**Problem statement**.
Reproduce exactly, and solely, the lines running from the top of the data below through the line with "Zeszyt zawiera 35", both inclusive. Omit pictures.

-- Information shown follows --

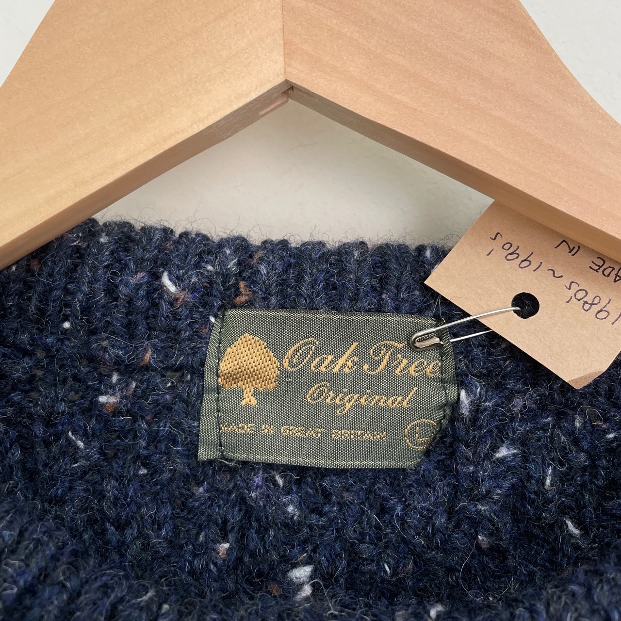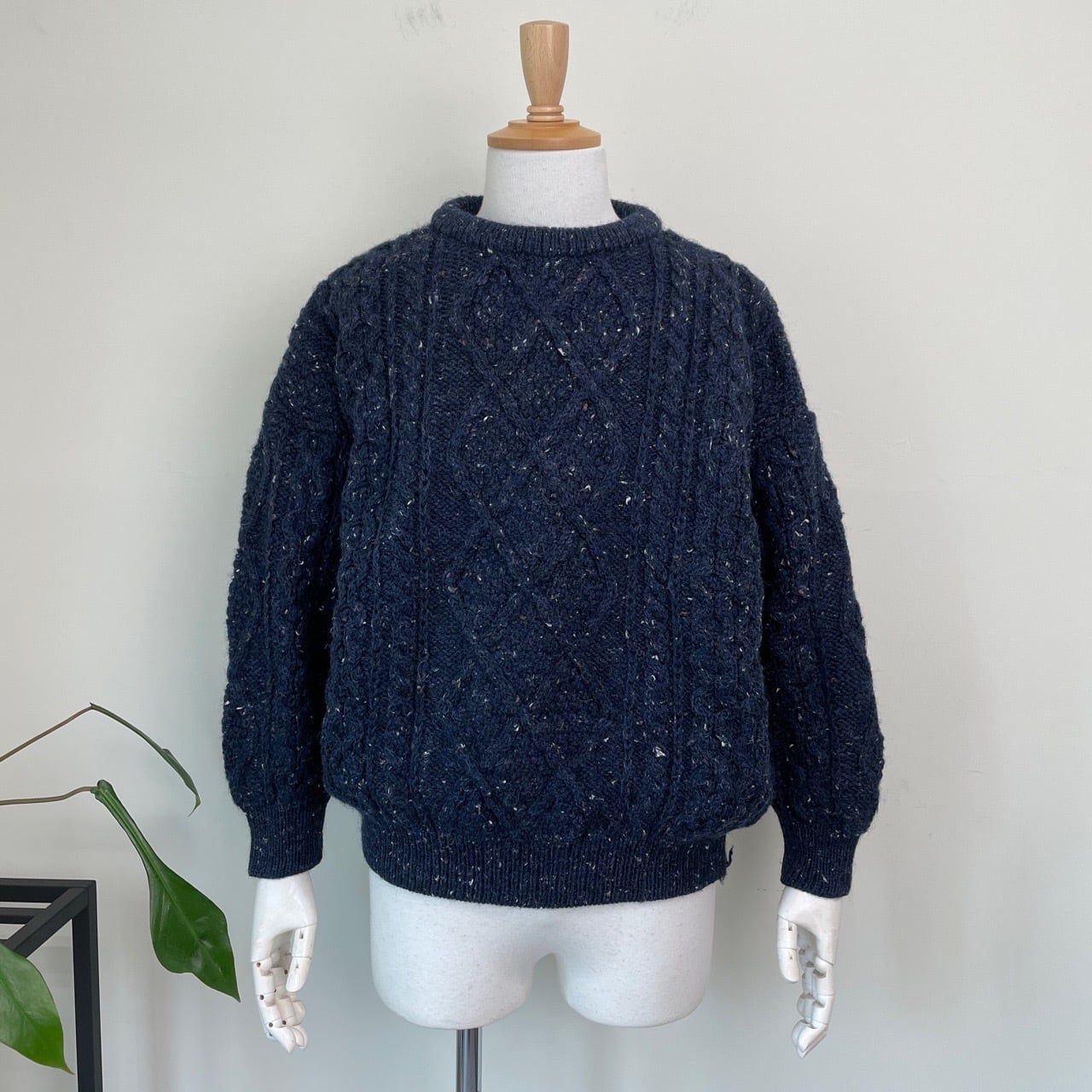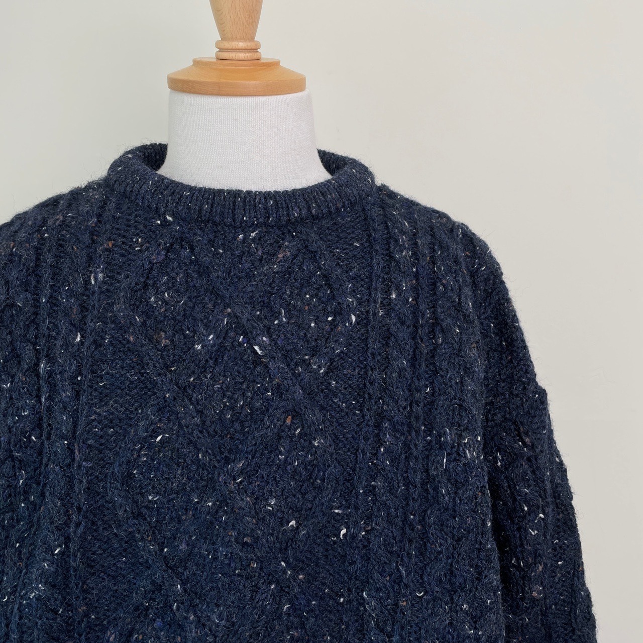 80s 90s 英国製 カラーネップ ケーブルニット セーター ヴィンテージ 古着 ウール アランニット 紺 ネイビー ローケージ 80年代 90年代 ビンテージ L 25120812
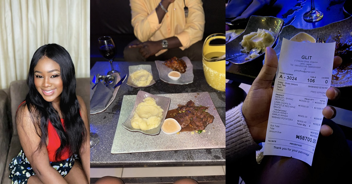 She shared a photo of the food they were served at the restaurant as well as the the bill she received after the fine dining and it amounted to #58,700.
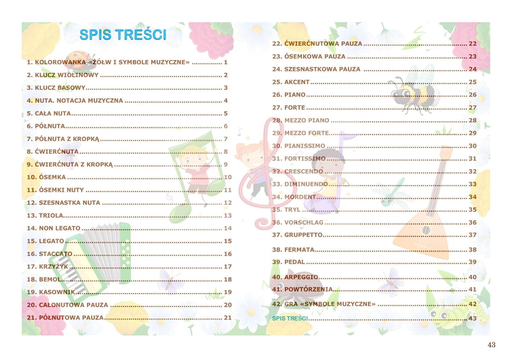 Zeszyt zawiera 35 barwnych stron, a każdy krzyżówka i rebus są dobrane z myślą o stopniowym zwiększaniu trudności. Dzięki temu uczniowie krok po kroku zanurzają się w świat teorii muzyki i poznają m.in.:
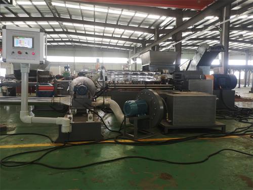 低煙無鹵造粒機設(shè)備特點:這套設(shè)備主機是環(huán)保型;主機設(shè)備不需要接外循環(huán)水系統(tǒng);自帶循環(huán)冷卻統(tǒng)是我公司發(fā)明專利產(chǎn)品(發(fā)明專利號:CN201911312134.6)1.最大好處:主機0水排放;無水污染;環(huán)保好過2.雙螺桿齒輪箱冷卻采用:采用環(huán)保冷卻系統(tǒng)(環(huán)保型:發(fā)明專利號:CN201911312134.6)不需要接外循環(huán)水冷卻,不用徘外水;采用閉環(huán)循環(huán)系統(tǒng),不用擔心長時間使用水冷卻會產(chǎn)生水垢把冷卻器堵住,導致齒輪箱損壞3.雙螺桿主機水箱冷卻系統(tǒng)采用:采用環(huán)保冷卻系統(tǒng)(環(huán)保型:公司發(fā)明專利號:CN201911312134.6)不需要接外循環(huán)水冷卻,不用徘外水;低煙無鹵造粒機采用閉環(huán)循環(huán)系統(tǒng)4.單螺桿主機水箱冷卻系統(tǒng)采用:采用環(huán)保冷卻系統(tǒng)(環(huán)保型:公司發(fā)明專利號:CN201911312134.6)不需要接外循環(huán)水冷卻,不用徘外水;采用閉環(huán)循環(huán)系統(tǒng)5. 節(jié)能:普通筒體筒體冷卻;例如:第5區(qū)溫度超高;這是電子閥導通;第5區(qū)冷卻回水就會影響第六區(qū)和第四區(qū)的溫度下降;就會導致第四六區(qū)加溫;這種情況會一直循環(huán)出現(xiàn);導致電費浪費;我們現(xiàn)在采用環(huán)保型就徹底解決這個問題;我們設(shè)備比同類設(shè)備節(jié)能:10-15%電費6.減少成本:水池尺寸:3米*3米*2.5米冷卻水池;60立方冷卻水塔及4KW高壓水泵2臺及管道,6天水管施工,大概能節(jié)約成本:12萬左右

-- Information shown concluded --

**Exercise response**.
 80s 90s 英国製 カラーネップ ケーブルニット セーター ヴィンテージ 古着 ウール アランニット 紺 ネイビー ローケージ 80年代 90年代 ビンテージ L 25120812
 She shared a photo of the food they were served at the restaurant as well as the the bill she received after the fine dining and it amounted to #58,700.
 Zeszyt zawiera 35 barwnych stron, a każdy krzyżówka i rebus są dobrane z myślą o stopniowym zwiększaniu trudności. Dzięki temu uczniowie krok po kroku zanurzają się w świat teorii muzyki i poznają m.in.:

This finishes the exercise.